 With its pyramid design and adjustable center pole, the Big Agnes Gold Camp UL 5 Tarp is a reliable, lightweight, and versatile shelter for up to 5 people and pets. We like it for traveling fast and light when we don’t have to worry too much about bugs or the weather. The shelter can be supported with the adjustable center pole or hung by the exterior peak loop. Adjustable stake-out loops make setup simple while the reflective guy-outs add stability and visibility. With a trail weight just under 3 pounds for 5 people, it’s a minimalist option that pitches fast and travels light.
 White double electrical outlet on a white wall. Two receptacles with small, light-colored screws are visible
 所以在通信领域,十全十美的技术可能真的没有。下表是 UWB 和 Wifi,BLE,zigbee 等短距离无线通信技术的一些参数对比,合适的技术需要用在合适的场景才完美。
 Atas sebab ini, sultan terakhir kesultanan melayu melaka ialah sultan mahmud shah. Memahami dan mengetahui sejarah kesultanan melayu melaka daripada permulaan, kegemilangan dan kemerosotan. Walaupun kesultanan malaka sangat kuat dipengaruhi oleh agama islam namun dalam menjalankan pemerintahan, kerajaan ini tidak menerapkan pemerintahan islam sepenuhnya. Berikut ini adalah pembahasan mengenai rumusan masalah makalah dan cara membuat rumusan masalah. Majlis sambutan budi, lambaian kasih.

* * *

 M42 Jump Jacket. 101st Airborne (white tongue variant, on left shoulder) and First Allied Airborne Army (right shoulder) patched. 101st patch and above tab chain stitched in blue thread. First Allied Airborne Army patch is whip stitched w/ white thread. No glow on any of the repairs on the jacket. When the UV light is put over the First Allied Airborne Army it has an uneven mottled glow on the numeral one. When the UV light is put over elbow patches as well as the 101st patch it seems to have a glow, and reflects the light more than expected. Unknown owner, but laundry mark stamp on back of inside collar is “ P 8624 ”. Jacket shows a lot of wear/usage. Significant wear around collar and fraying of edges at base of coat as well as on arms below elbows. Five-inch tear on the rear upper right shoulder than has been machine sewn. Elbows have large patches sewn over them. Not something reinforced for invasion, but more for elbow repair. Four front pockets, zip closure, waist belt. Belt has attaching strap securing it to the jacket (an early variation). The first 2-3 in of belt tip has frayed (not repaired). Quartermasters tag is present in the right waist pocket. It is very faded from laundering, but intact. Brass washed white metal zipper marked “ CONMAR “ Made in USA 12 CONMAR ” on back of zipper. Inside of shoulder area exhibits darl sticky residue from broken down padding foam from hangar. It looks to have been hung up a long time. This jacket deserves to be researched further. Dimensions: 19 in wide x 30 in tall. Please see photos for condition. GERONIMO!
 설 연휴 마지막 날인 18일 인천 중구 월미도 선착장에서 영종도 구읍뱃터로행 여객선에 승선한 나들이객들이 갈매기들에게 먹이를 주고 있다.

▸ **YOUR INSTRUCTIONS**
From the material above, retype precisely the lines between the line holding "White double electrical" and the line holding "Atas sebab ini, sultan", inclusive, and nothing beyond them.

▸ **TASK RESULT**
 White double electrical outlet on a white wall. Two receptacles with small, light-colored screws are visible
 所以在通信领域,十全十美的技术可能真的没有。下表是 UWB 和 Wifi,BLE,zigbee 等短距离无线通信技术的一些参数对比,合适的技术需要用在合适的场景才完美。
 Atas sebab ini, sultan terakhir kesultanan melayu melaka ialah sultan mahmud shah. Memahami dan mengetahui sejarah kesultanan melayu melaka daripada permulaan, kegemilangan dan kemerosotan. Walaupun kesultanan malaka sangat kuat dipengaruhi oleh agama islam namun dalam menjalankan pemerintahan, kerajaan ini tidak menerapkan pemerintahan islam sepenuhnya. Berikut ini adalah pembahasan mengenai rumusan masalah makalah dan cara membuat rumusan masalah. Majlis sambutan budi, lambaian kasih.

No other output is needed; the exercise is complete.